About this task>
Which of the lines below contain the string "with"? Pull each one out of the data.
++++ Records for the task
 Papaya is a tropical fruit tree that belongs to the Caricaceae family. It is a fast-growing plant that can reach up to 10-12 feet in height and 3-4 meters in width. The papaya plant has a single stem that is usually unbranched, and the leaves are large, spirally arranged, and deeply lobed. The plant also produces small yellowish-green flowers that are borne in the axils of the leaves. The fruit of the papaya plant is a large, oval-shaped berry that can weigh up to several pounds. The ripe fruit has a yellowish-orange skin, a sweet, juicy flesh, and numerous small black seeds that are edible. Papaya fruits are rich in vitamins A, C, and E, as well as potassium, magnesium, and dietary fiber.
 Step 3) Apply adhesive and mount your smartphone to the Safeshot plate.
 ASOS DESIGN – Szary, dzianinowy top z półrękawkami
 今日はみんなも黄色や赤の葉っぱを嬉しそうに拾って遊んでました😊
++++++++
++++ Records for the task
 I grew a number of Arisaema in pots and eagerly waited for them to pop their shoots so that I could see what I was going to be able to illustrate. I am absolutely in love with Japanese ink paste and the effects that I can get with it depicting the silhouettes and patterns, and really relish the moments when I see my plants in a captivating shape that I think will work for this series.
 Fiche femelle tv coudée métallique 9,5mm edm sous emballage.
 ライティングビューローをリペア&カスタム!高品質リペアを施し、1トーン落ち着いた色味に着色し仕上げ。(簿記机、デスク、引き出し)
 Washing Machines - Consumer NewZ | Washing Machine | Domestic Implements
++++++++
++++ Records for the task
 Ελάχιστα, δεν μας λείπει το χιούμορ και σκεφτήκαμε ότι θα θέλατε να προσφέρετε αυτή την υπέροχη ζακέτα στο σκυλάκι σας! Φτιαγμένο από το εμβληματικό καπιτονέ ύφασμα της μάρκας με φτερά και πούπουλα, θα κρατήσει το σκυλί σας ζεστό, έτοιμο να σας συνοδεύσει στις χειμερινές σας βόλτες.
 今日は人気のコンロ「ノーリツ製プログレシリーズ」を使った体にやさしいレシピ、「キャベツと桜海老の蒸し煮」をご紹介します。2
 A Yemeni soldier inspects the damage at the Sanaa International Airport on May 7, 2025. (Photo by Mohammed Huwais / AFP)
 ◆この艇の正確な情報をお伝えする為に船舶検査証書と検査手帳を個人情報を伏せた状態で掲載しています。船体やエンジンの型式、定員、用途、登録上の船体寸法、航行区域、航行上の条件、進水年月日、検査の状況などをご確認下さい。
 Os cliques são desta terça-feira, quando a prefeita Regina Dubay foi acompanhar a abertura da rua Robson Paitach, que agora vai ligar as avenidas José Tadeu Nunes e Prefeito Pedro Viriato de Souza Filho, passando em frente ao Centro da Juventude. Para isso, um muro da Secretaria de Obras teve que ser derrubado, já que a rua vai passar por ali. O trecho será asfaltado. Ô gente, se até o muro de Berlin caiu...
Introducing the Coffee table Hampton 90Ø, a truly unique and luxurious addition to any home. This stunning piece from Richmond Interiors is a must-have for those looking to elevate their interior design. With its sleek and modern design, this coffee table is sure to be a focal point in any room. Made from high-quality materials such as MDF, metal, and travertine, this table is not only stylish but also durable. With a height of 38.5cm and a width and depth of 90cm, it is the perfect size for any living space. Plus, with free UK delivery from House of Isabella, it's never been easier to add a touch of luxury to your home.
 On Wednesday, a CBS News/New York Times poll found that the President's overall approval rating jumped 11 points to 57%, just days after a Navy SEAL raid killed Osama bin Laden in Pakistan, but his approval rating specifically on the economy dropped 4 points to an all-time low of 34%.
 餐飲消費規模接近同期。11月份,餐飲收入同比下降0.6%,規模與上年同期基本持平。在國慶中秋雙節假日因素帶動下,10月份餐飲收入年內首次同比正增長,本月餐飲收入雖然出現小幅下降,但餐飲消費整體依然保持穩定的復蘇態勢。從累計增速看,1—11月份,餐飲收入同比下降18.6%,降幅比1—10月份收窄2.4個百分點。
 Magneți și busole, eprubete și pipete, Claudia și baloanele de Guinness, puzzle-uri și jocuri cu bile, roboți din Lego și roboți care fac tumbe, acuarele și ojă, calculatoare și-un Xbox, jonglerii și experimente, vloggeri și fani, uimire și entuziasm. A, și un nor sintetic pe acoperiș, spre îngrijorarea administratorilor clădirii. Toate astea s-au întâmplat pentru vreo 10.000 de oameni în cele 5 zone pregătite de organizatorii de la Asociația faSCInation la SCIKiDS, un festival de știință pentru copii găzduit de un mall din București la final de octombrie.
++++++++
Solution to this exercise>
 I grew a number of Arisaema in pots and eagerly waited for them to pop their shoots so that I could see what I was going to be able to illustrate. I am absolutely in love with Japanese ink paste and the effects that I can get with it depicting the silhouettes and patterns, and really relish the moments when I see my plants in a captivating shape that I think will work for this series.
Introducing the Coffee table Hampton 90Ø, a truly unique and luxurious addition to any home. This stunning piece from Richmond Interiors is a must-have for those looking to elevate their interior design. With its sleek and modern design, this coffee table is sure to be a focal point in any room. Made from high-quality materials such as MDF, metal, and travertine, this table is not only stylish but also durable. With a height of 38.5cm and a width and depth of 90cm, it is the perfect size for any living space. Plus, with free UK delivery from House of Isabella, it's never been easier to add a touch of luxury to your home.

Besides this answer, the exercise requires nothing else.